Cats and science: three studies to explain their behaviour

Cats and science: three studies to explain their behaviour
They understand their name and your emotions, they love you as much as dogs do: below are three studies to learn more about our beloved feline friends and their social intelligence.
You probably think you already know many things about dogs. However, it’s not the same for cats: maybe it’s for their elusive nature, maybe it’s for some stereotypes or prejudices about them. Anyway, some experts are changing the trend and started, some years ago, to study cats’ social intelligence: even though cats’ lovers and owners won’t be surprised, the results speak for theirselves! Let’s find them out together.

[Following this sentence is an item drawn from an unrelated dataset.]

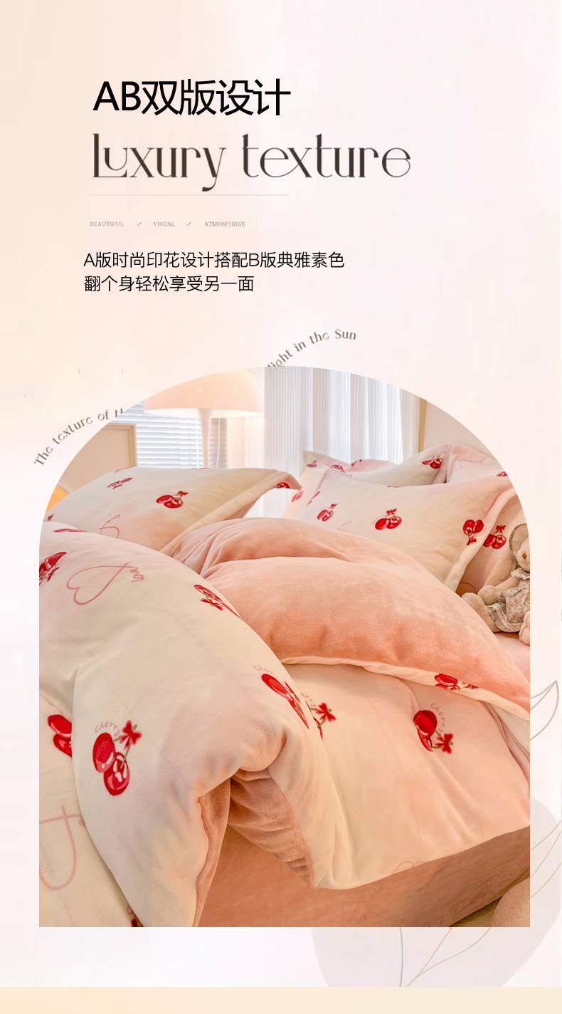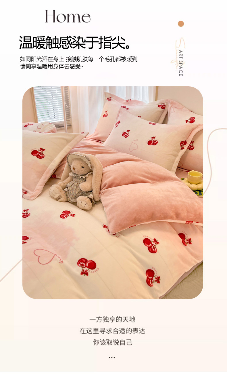 • 91家纺网 家纺一手货源 找家纺 寐居家纺 2023新款小清新印花牛奶绒单被套 甜心樱桃

Cats understand their name and their relatives’ names
You should get it: cats know really well how to draw some attention, especially by meowing. Anyway, can they really understand their and our name? An interesting Japanese study has the right answers.
Experts carried out this study on two different groups of cats: domestic ones on one side and on the other Neko Cafè cats (cafés where you can spend some time in your four-legged friend’s company). The result? Cats can distinguish their name from other random words, even if it’s a stranger talking. There’s only one difference: Neko Cafè cats took a little bit more time to understand it – maybe they are used to hearing several names at the same time.
Another study proved our cats ability to learn their owner’s name. Both domestic and Neko Cafè cats were at the centre of an experiment with images and sounds. First, each cat was shown a picture of one of their housemate cats together with the owner’s recorded voice. Sometimes, cats could hear the voice saying the pet’s name in the picture, some others a different word. The same experiment was repeated with people’s photos (relatives or Neko Café’s owner): surprise! Domestic cats quickly recognised the right connections and were surprised with the wrong ones! Neko Cafè’s cats also reacted, although more calmly..

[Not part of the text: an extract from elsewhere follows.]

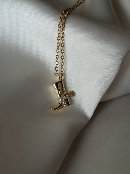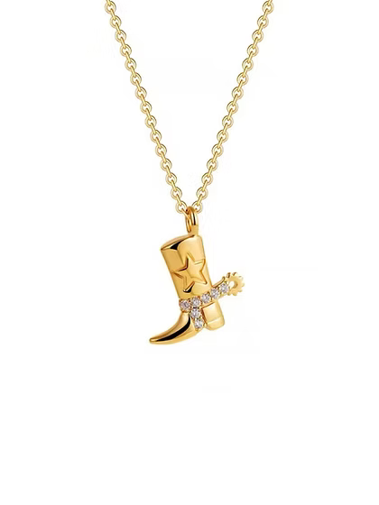 Cute cowboy boot pendant necklaces with CZ stones! Available in 2 designs.

Cats love humans as much as dogs do
Are cats really solitary animals? Some researchers from the Oregon State University tried to find it out. What are the results? Cats love humans as much as dogs do: they’re just less effusive!
Researchers got 79 kittens and 38 adult cats: together with their owners, they were brought in an unfamiliar room where, afterwards, cats remained alone for a few minutes. Shortly after, the owners came back. At the end of the experiment, experts realised that cats, who had the strongest relationships with their owners – more than 65% of both groups – easily overcome the initial stress of being alone in a new place. In fact, without their owners, cats were quite nervous: however, once their favourite human came back, they needed only a few minutes to calm down and keep exploring the room. This proved that they could restart exploring when they felt safe enough. In a nutshell: if something unexpected happened, they knew they were protected!

Cats’ behaviour depends on their owners’ emotions
In 2015, a study revealed such an interesting information: cats’ behaviour depends on their owners’ emotions.
Cats, who took part to the study with their owners, were shown an object which had to arouse positive emotions in half of the owners and negative ones in the other half. The final results proved that there was a big “transmission of emotions”.
During the experiment, cats not only repeatedly looked at their owners (before or after seeing the object), as if they were looking for some help, but in the 79% of times they also mirrored the owner’s emotion. On one hand, people’s enthusiasm and curiosity, in fact, helped the cat to be more curious! On the other, negative feelings raised circumspection and doubts. It’s amazing, isn’t it?